• THE TASK: Output the complete listing exactly, please, and keep the pictures out of it.

(Beginning of SUPPLIED MATERIAL)

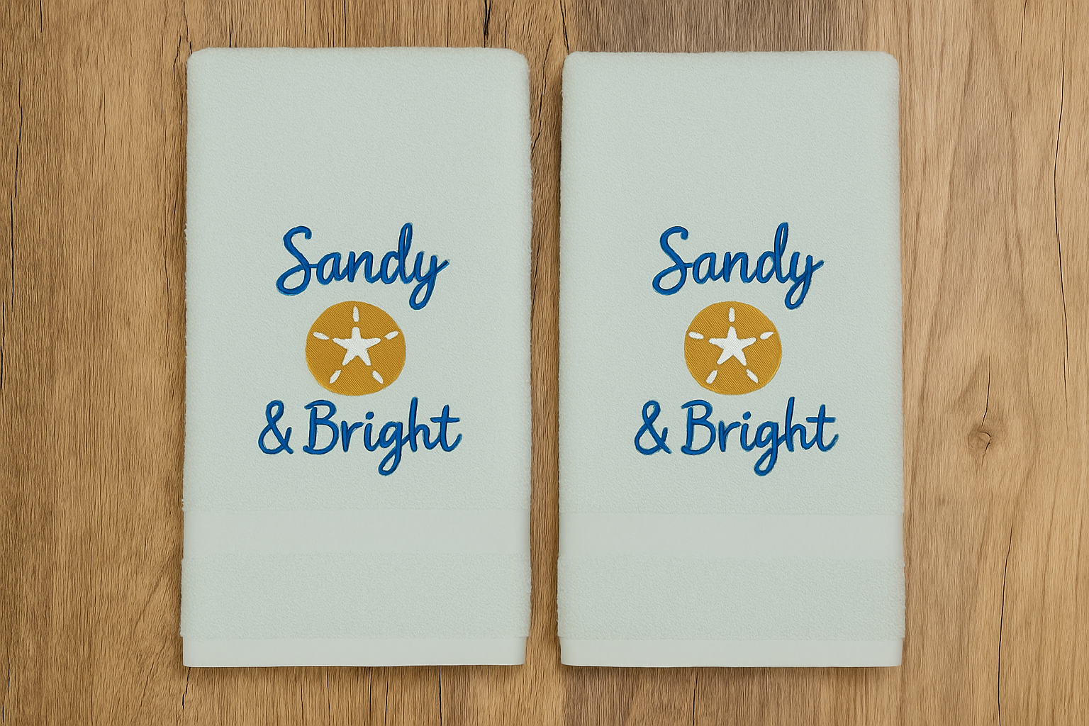 Brighten up your bathroom with these beautiful 'Sandy & Bright' embroidered hand towels featuring an elegant sand dollar design. Perfect for bringing coastal charm and seaside serenity to any space, these towels combine style with functionality.
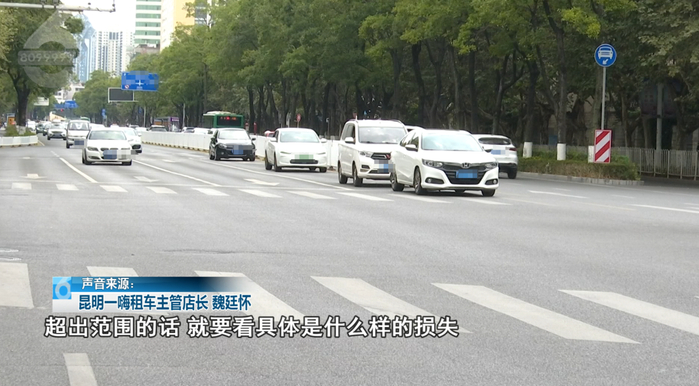昆明一嗨租车主管店长 魏廷怀:“就看他购买了什么样的保障,如果买了就看相应的车损,在这个范围内都不需要承担(赔偿),超出范围就要看具体是什么样的损失。”
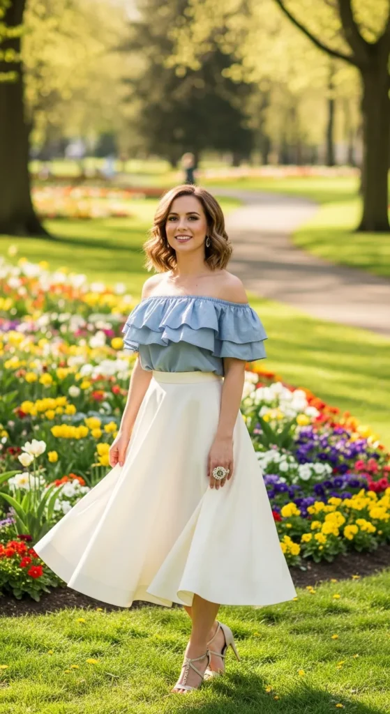 A lightweight ruffled off shoulder top tucked into a high-waisted A-line skirt adds feminine flair. The ruffles provide movement and charm while keeping the outfit breezy and chic.

(End of SUPPLIED MATERIAL)

• RESULT OF THE EXERCISE:
 Brighten up your bathroom with these beautiful 'Sandy & Bright' embroidered hand towels featuring an elegant sand dollar design. Perfect for bringing coastal charm and seaside serenity to any space, these towels combine style with functionality.
昆明一嗨租车主管店长 魏廷怀:“就看他购买了什么样的保障,如果买了就看相应的车损,在这个范围内都不需要承担(赔偿),超出范围就要看具体是什么样的损失。”
 A lightweight ruffled off shoulder top tucked into a high-waisted A-line skirt adds feminine flair. The ruffles provide movement and charm while keeping the outfit breezy and chic.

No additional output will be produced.